Coming to bat!
(Text under picture)
A few words from Jayne:
I have been an avid
admirer of the fabulous Petticoat Pond for quite a long time and felt it
was time to pluck up the courage and make a contribution.
At about five years of age I became aware that I felt that I was a girl being imprisoned within and being forced to grow up inside a male body. When at age seven I was continually being caught dressing up in my sister's clothes I finally broke down and in floods of tears told my
parents that I desperately wanted to be a girl. This revelation was treated with ridicule and derision and I was told to pull my self together and act like the son and heir that they had both wanted so badly. This reaction was quite understandable in the early fifties I suppose, and from then on I made a determined and conscious effort to try to suppress my inner feelings, act out the role I had been given and just get on with life as best I could.

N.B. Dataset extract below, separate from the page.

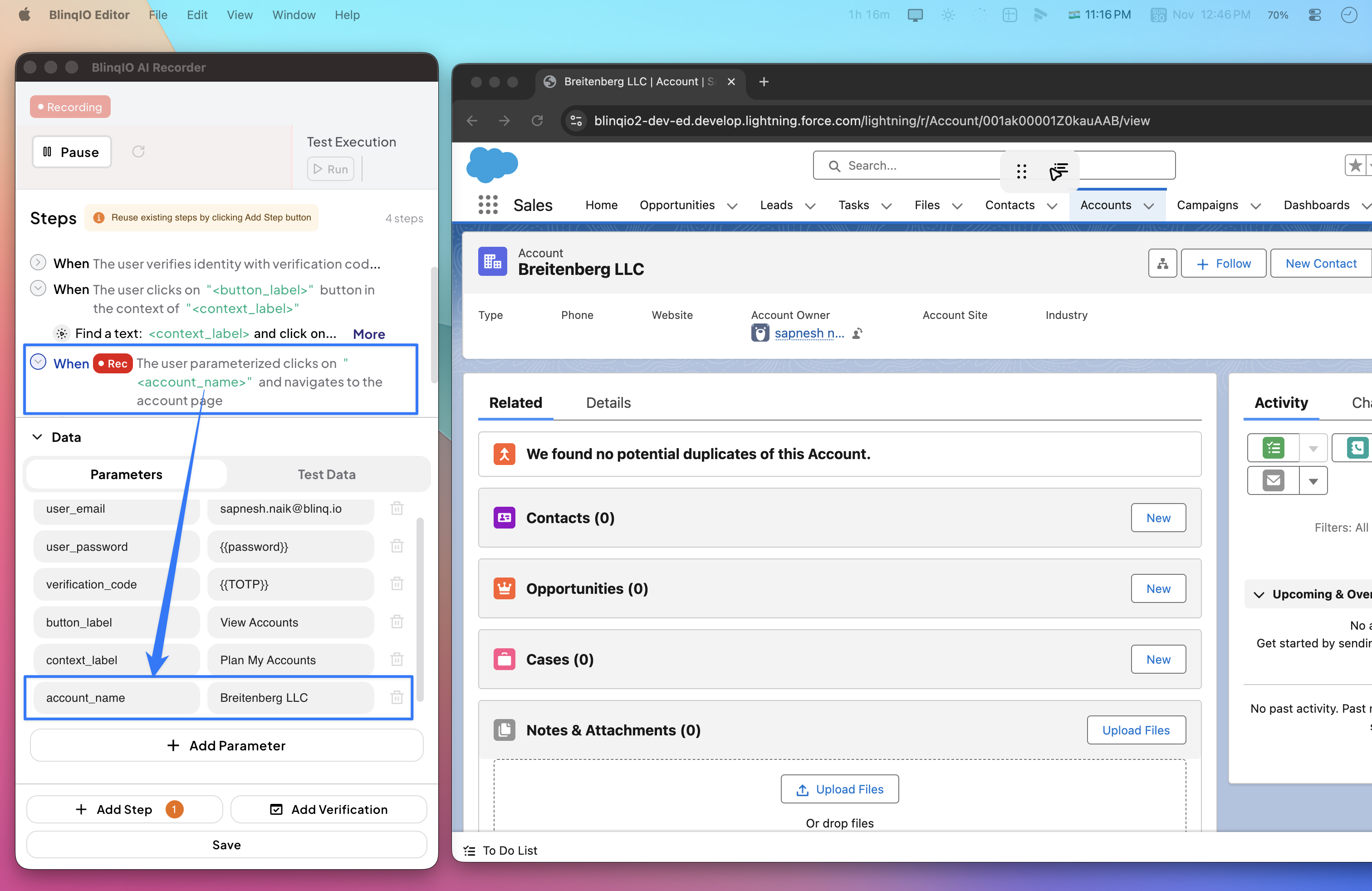 Use parameterized clicks to keep your scenarios flexible. Instead of recording multiple steps, change a single parameter value to test different elements.

Throughout my teens I was always terribly envious of the very feminine fashions of the day, the pretty dresses and skirts, flared out with bouffant petticoats that girls were allowed to wear and I was not! Life seemed so unfair then.
Alas, now I am in a position to live in my chosen role, women's fashions have become so austere that sadly even the lace industry is in danger of going into terminal decline. They say that fashions always go round in circles and who knows, maybe the fabulous fifties will come around again. I'm hanging on to all my pettis just in case!